Dataset records
=-=-=-=-=

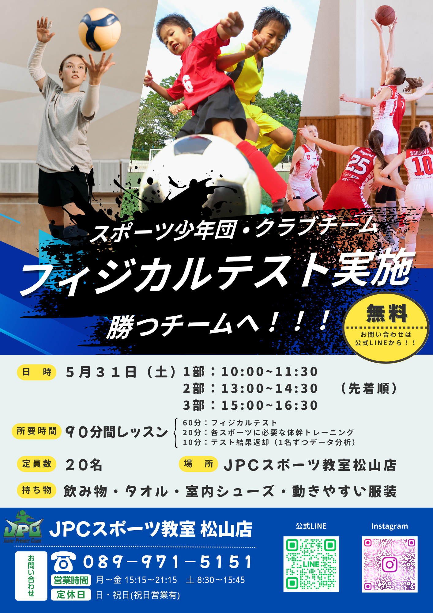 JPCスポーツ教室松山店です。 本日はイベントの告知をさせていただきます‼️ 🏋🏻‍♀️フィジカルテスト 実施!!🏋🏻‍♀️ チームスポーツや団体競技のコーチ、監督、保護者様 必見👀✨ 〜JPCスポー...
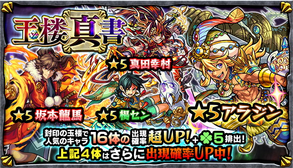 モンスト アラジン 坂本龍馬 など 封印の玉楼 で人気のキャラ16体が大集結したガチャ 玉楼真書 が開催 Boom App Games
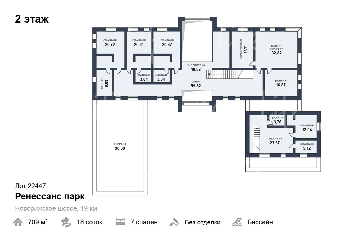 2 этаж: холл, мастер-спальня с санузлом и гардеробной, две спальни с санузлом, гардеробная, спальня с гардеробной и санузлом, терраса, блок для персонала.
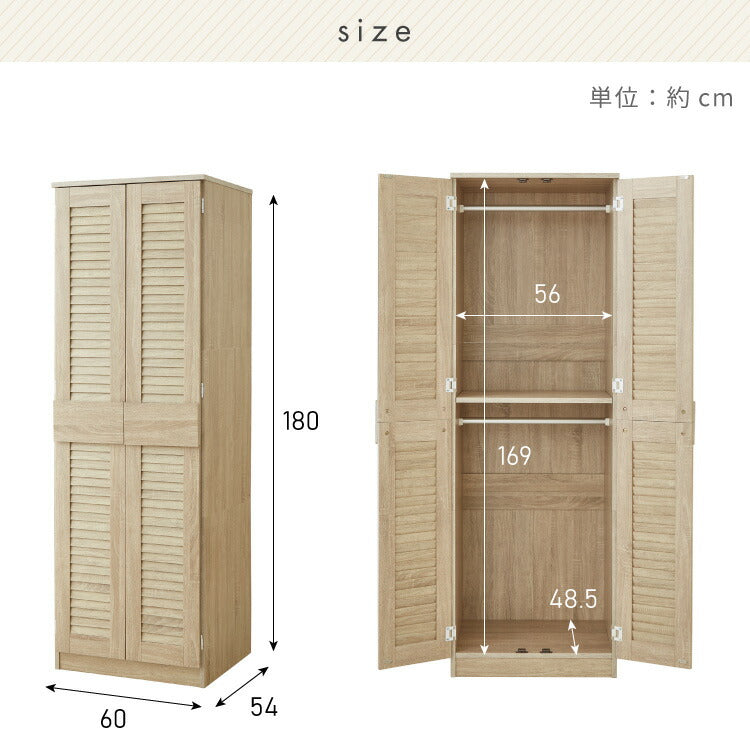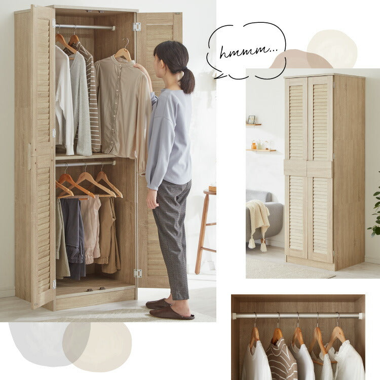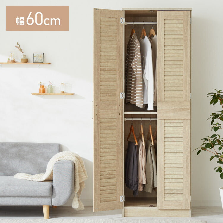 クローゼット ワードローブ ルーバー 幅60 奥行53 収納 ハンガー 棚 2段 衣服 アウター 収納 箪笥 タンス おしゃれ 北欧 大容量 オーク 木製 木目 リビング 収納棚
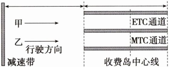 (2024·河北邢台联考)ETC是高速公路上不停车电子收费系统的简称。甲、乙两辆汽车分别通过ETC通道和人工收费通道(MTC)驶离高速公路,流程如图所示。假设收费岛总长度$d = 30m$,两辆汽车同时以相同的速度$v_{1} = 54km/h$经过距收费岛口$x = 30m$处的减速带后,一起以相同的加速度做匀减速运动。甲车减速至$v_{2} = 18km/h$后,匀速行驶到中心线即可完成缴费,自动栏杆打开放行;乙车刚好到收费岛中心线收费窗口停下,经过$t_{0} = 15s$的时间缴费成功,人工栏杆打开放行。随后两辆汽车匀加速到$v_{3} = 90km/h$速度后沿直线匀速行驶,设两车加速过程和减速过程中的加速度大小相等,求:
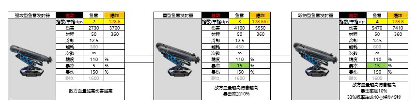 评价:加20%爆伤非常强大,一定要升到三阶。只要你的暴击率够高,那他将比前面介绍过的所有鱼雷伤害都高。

=-=-=-=-=

*PROBLEM DETAILS*: From the line containing "モンスト アラジン 坂本龍馬" to the end of the data above, give those lines again verbatim, with both endpoints included and no images.

*TASK ANSWER*:
 モンスト アラジン 坂本龍馬 など 封印の玉楼 で人気のキャラ16体が大集結したガチャ 玉楼真書 が開催 Boom App Games
 2 этаж: холл, мастер-спальня с санузлом и гардеробной, две спальни с санузлом, гардеробная, спальня с гардеробной и санузлом, терраса, блок для персонала.
 クローゼット ワードローブ ルーバー 幅60 奥行53 収納 ハンガー 棚 2段 衣服 アウター 収納 箪笥 タンス おしゃれ 北欧 大容量 オーク 木製 木目 リビング 収納棚
 (2024·河北邢台联考)ETC是高速公路上不停车电子收费系统的简称。甲、乙两辆汽车分别通过ETC通道和人工收费通道(MTC)驶离高速公路,流程如图所示。假设收费岛总长度$d = 30m$,两辆汽车同时以相同的速度$v_{1} = 54km/h$经过距收费岛口$x = 30m$处的减速带后,一起以相同的加速度做匀减速运动。甲车减速至$v_{2} = 18km/h$后,匀速行驶到中心线即可完成缴费,自动栏杆打开放行;乙车刚好到收费岛中心线收费窗口停下,经过$t_{0} = 15s$的时间缴费成功,人工栏杆打开放行。随后两辆汽车匀加速到$v_{3} = 90km/h$速度后沿直线匀速行驶,设两车加速过程和减速过程中的加速度大小相等,求:
 评价:加20%爆伤非常强大,一定要升到三阶。只要你的暴击率够高,那他将比前面介绍过的所有鱼雷伤害都高。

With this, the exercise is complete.